August 19, 2011 by wcobserver
Let’s face it… it doesn’t matter if you love your kids with all the power of an exploding super nova. There are those little moments… those split seconds… that allow the faint whispers from the back of your mind to creep forward and say, “hmmm… how obscenely rich would I have been if I’d never had kids?”
I didn’t say they were blood curdling screams… just the little nagging murmurs… the “what ifs,” that hit you when you realize the monthly cost of having kids is roughly the same as a payment on a Learjet.
For some people it happens at Christmas. But I look at Christmas as more of a head on collision that you can see coming for miles away. You might not be able to get out of the way, but at least you can brace yourself for the impact. The back-to-school season, on the other hand, is more like being sideswiped on an empty back road on a Sunday morning. You don’t think about it until it hits. But the impact leaves you stunned, confused and wondering what happened.

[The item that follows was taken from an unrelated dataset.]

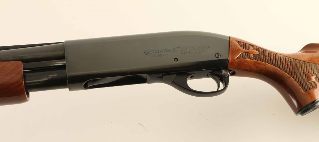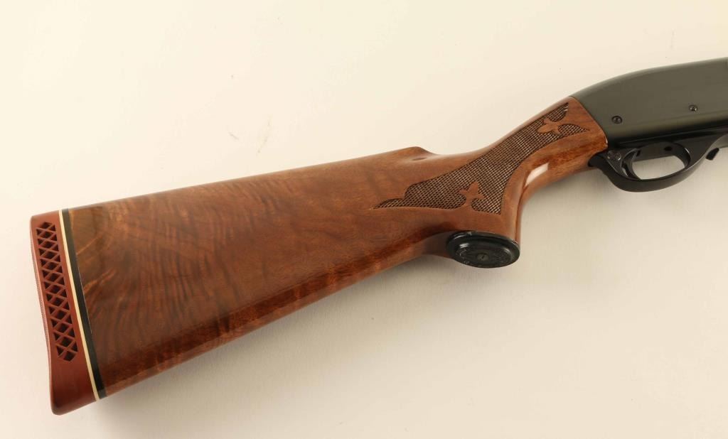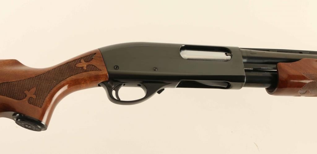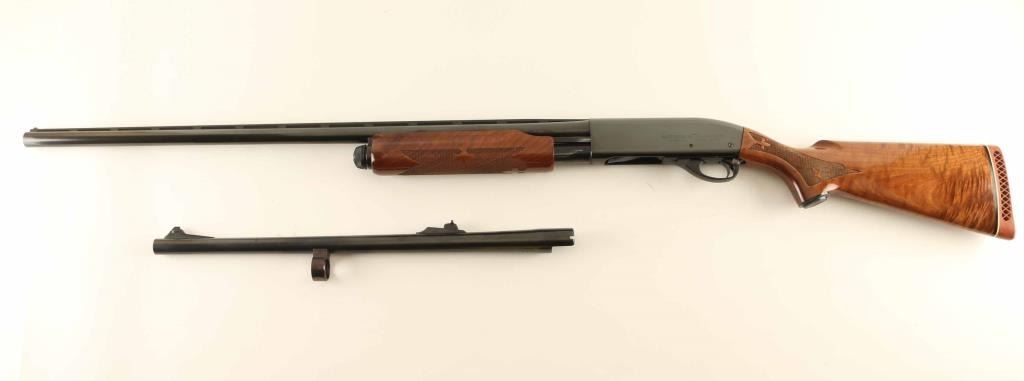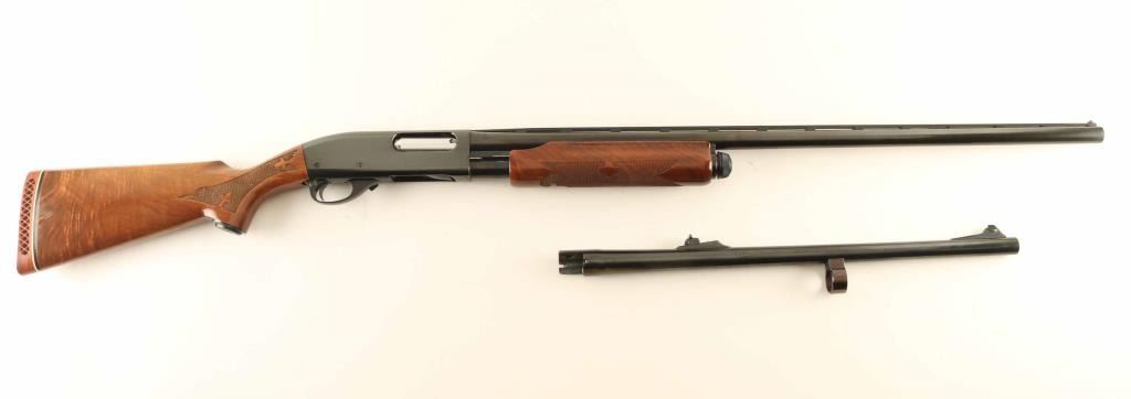 'Wingmaster Trap' Vintage slide action repeating shotgun chambered for 2 3/4" 12 gauge shells manufactured circa 1979. Features a blued finish, full choked 30" barrel with ventilated sighting rib, white bead front sight, silver bead mid-sight, 4 round tube magazine, smooth trigger with beveled edges, alloy trigger guard, steel receiver, dual action bars, push button safety, deluxe walnut forend with press checkering & high gloss finish, and semi-pistol grip shoulder stock with factory grip cap & red rubber recoil pad. Also includes a 1979 vintage 20" smoothbore barrel with rifle sights. Shotgun retains approximately 98% of its original blued finish showing a small bright scratch on the left side of the barrel towards the muzzle and some slide wear on the magazine tube & action bars. Action is crisp, the bore is pristine and the wood stocks are near fine with some light blemishes. Condition is near NRA Excellent. ***Modern Firearm***

If you don’t have kids you probably don’t know what I’m talking about and you might even think I’m exaggerating. But trust me, these days, the right clothes, accessories and back-to-school supplies for one child cost roughly as much as a two-week vacation in the South of France… but without all the flakey, delicious croissants.
It’s not that I resent the cost of buying paper, pens and pencils. Although I admit, if my fourth grader actually uses “48 – # 2 wood pencils,” in the next 9 months, I’ll have to wonder if he’s eating them as a mid-morning snack. But overall I have no problem buying something that falls under the category of writing implements, or even a distant cousin of writing implements. I DO, however, resent having to buy the following items: baby wipes, Ziploc bags, band-aids, hand sanitizer, hand soap and ace bandages. Those aren’t school supplies they’re a first aid kit. Once we’ve gone that far, what’s next on the “supply” list… coffee and cigarettes?
Ok… maybe I sound a litter cynical. But even if you think you’ve gotten through the mind-blowing preparation part of the season… you’ve gotten the haircuts, the new sneakers, and the cool backpack designed to withstand a week on K2… after all that… there’s still the final kicker. That’s the part when your kids expect you to make the final week of the season “special.” After a summer of schlepping around 43 different friends, making 29 trips to the pool and buying 684 bomb pops in a 10-week period, parents still get this question. “Are we actually gonna do something fun before the summer ends?”
Now the kid doesn’t remember all the “fun” stuff he’s gotten to do already because… on average… a kid has the memory of a goldfish… that is, for remembering all you’ve done for him. On the other hand, the endless days of summer can turn a 9-year old into an idiot savant when it comes to keeping track of what you’ve done for his sister or brother. It’s like having your performance reviewed by Rainman. “You played Battleship with him for 47 minutes, but you only played Legos with me for 32. See you don’t even like me.” And by that point, well… you don’t like him, so it’s hard to debate the issue.
The truth is if kids had the wherewithal to organize a national summer association, their motto would be, “what have you done for me lately?” But if the emotional and financial cost of going back to school keeps going up, parents will start developing a motto all their own… “homeschool… when you just can’t afford to get them out of your hair.”